From the Department of Anesthesiology (ZQ, SZ, NG, PH, ZH, XL), Department of Psychiatry (MZ), The Third Affiliated Hospital, Sun Yat-sen University and Department of Medical Quality Management, Nanfang Hospital, Southern Medical University, Guangzhou, China, Guangzhou, China (PX).
Eur J Anaesthesiol. 2020 Jan;37(1):5-13. doi: 10.1097/EJA.0000000000001113.
Postictal delirium (PID) is a relatively common complication following electroconvulsive therapy (ECT).
We investigated whether prophylactic dexmedetomidine administration would safely decrease the incidence of PID in psychiatric patients after ECT.
A randomised, double-blind, placebo-controlled trial.
A total of 223 patients undergoing ECT were randomly allocated to two groups.
Patients received 0.5 μg kg dexmedetomidine (Dex group, n=111) or 0.9% sodium chloride (Con group, n=112) before ECT. Propofol was used for anaesthesia and succinylcholine for muscle relaxation. The incidence of PID was measured using the Confusion Assessment Method for the Intensive Care Unit.
The percentage of patients who were diagnosed with PID at any ECT session during the whole treatment.

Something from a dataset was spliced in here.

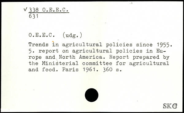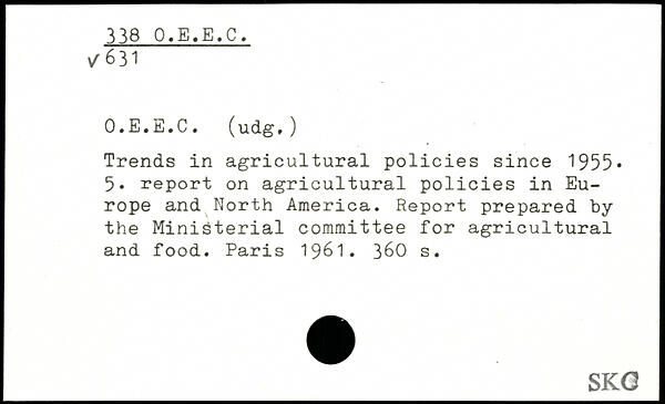 Trends in agricultural policies since 1955, 5. report on agricultural policies in Europe and North America. Report prepared by the Ministerial committee for agricultural and food.

PID occurred in 76 (67.9%) of 112 patients given saline (0.9% sodium chloride), and in 49 (44.1%) of 111 patients given dexmedetomidine during the whole treatment. There was a significant difference in the incidence of PID between two groups (P < 0.001). Post hoc analyses showed that the incidence of PID was significantly lower in the Dex group than in the Con group from the first to the seventh ECT session (P < 0.005). There were no significant differences in seizure duration or recovery time between the two groups. Heart rate and mean arterial pressure in the Dex group were significantly lower than in the Con group at 0, 5 and 15 min after electrical stimulation. No patients developed bradycardia, hypotension or respiratory depression during recovery.

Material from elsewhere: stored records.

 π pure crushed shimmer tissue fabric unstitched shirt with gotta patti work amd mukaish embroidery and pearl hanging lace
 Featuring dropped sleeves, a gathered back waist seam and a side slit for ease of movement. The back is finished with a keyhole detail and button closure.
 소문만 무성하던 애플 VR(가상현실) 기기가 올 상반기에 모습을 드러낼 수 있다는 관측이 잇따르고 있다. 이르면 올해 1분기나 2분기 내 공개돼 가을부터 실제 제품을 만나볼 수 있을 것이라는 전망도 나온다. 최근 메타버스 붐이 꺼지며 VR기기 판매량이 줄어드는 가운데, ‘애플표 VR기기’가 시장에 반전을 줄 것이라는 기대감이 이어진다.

Pretreatment with dexmedetomidine leads to a significant reduction in the incidence of PID with no respiratory depressant effect. Dexmedetomidine might be considered an effective method for the prevention of PID post-ECT.
Chinese Clinical Trial Registry ChiCTR-IOR-17012306.

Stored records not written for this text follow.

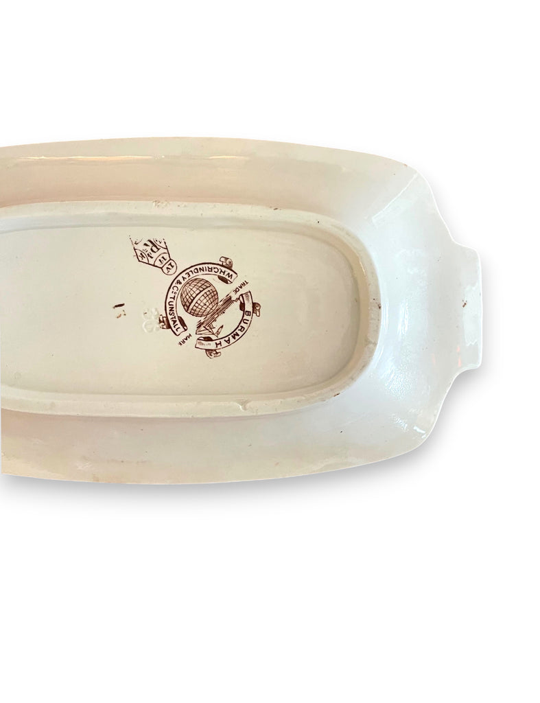 This antique ironstone platter is a true treasure, showcasing a stunning brown transferware design with a mix of floral, geometric, and botanical details. Crafted in England by Doulton Burslem, this piece dates back to the late 1800s and carries all the charm of timeless English pottery.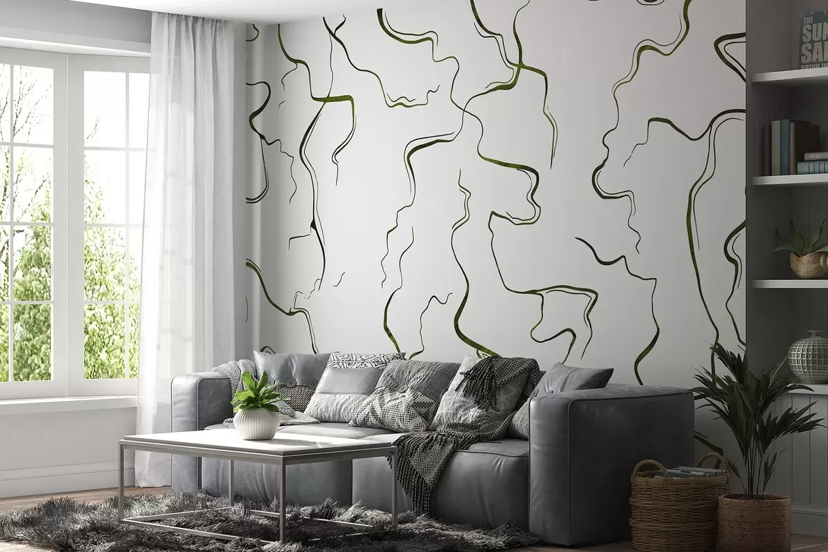 Peintures murales Lignes géométriques, style encre, abstraction, couleurs vertes Nr. w03436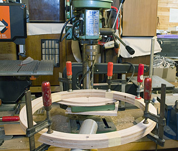 Die Holzringe,12mm x 30mm x 360mm Innendurchmesser, habe ich ebenfalls CNC

电抽搐治疗(ECT)后发生癫痫后谵妄(PID)是一种相对常见的并发症。
我们研究了在 ECT 后预防性给予右美托咪定是否能安全降低精神科患者 PID 的发生率。
随机、双盲、安慰剂对照试验。
共 223 例接受 ECT 的患者被随机分配到两组。
患者在 ECT 前分别接受 0.5μg/kg 右美托咪定(Dex 组,n=111)或 0.9%氯化钠(Con 组,n=112)。丙泊酚用于麻醉,琥珀胆碱用于肌肉松弛。使用 ICU 意识模糊评估法测量 PID 的发生率。
整个治疗过程中任何一次 ECT 时被诊断为 PID 的患者百分比。
在接受生理盐水(0.9%氯化钠)的 112 例患者中,PID 发生在 76 例(67.9%);在接受右美托咪定的 111 例患者中,PID 发生在 49 例(44.1%)。两组 PID 发生率有显著差异(P<0.001)。事后分析显示,从第一次到第七次 ECT 时,Dex 组的 PID 发生率明显低于 Con 组(P<0.005)。两组的癫痫发作持续时间和恢复时间无显著差异。电刺激后 0、5 和 15 分钟,Dex 组的心率和平均动脉压明显低于 Con 组。在恢复过程中,没有患者出现心动过缓、低血压或呼吸抑制。
预先给予右美托咪定可显著降低 PID 的发生率,且无呼吸抑制作用。右美托咪定可能是预防 ECT 后 PID 的有效方法。
中国临床试验注册中心 ChiCTR-IOR-17012306。